How to Get a Job With No Experience

By Personal Job Coach team

The phrase "no experience" covers a lot of different situations. A school leaver with their first job application is in a different position from a graduate with two internships, who is in a different position again from someone switching careers in their thirties. What they all have in common is that they have relevant experience. It just does not look like a conventional employment record yet.

What Employers at Entry Level Actually Want

When a company advertises an entry-level role, they are not expecting someone who has already done the job. What they are looking for is evidence of three things: that you can learn quickly, that you communicate well, and that you are reliable. Everything else, including the technical skills specific to their work, they expect to teach you.

This means the question is not "do I have experience?" but "what evidence do I have of those three things, and how do I present it?"

What Counts as Experience

More than most people assume. Part-time or Saturday jobs, even in unrelated sectors, show that you have held down a commitment, managed your time, and dealt with real people. Voluntary work shows initiative. University projects, especially anything collaborative or involving deadlines, show that you can work in a team under pressure. Personal projects, a website you built, an event you organised, a freelance piece you completed, show that you can take something from idea to delivery without someone telling you what to do at every step.

The key is not the category but the evidence. Any experience that demonstrates learning ability, communication, or reliability counts. Look at what you have done and ask what it proves, then present it in those terms.

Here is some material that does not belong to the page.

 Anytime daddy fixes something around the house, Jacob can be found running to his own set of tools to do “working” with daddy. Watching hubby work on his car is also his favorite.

How to Write Your CV When You Have Limited Experience

A skills-led or hybrid CV works better than a purely chronological one when your work history is thin. Lead with a concise personal summary (three to four sentences) that describes what you bring and what you are looking for. Follow with a skills section that maps directly to the job you are applying for. Then include your experience, however limited, describing each entry in terms of what you did and what it produced. Education comes after, and can carry more weight here than it would for a more experienced candidate.

Keep it to one page. A one-page CV is appropriate at this stage. Trying to stretch limited experience across two pages makes the gap more obvious, not less.

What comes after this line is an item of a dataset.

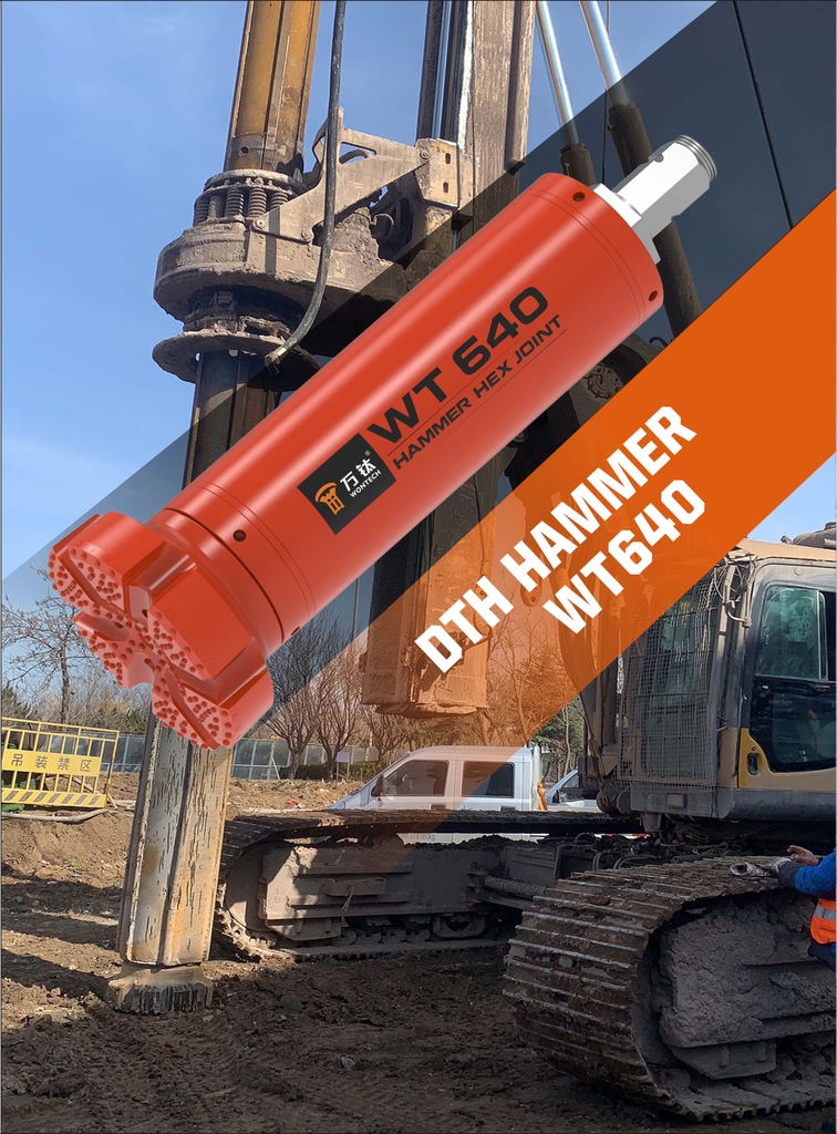 Búa WT640 DTH Hammer là dòng thiết bị khoan đá chất lượng cao, thiết kế đặc biệt để chịu được áp suất khí lớn và hoạt động ổn định trong các công trình khoan từ kích thước vừa đến lớn. Sản phẩm phù hợp với nhiều ứng dụng như khoan giếng, khoan móng, khai thác đá, khoan địa chất.

Tailoring Applications Matters More Here Than Anywhere

When you have limited experience, every application needs to be targeted. A generic CV sent to twenty different roles will not work, because you have less of a buffer: a more experienced candidate can afford to be slightly off-target because the weight of their record carries them through. You cannot.

Read each job description carefully. Identify the three or four things they are actually asking for. Make sure your CV speaks directly to those things. That targeted approach converts far better than volume alone.

Getting Your First Role: Where to Look

Graduate schemes, apprenticeships, and trainee programmes are specifically designed for people at this stage. They offer training, a pathway, and a structured environment for developing skills from scratch. Apply early: most of these programmes have closing dates that fall well before the start date.

Smaller companies often offer more genuine early responsibility than large ones. A startup with ten people cannot afford to give you nothing to do: you will be involved in real work from the first week. Larger companies may offer better training structures but slower progression.

Speculative applications, reaching out directly to companies you want to work for even when they have not advertised a vacancy, can be especially effective at entry level. The competition is lower, and a well-written speculative letter shows initiative that employers notice.

The Cover Letter Makes a Real Difference Here

When your CV cannot do all the work on its own, the cover letter picks up the slack. This is where you explain why you want this particular role, at this particular company, and why your background, even without the conventional experience markers, makes you worth talking to. A specific, well-researched cover letter for a role you are genuinely interested in will outperform a polished generic CV every time.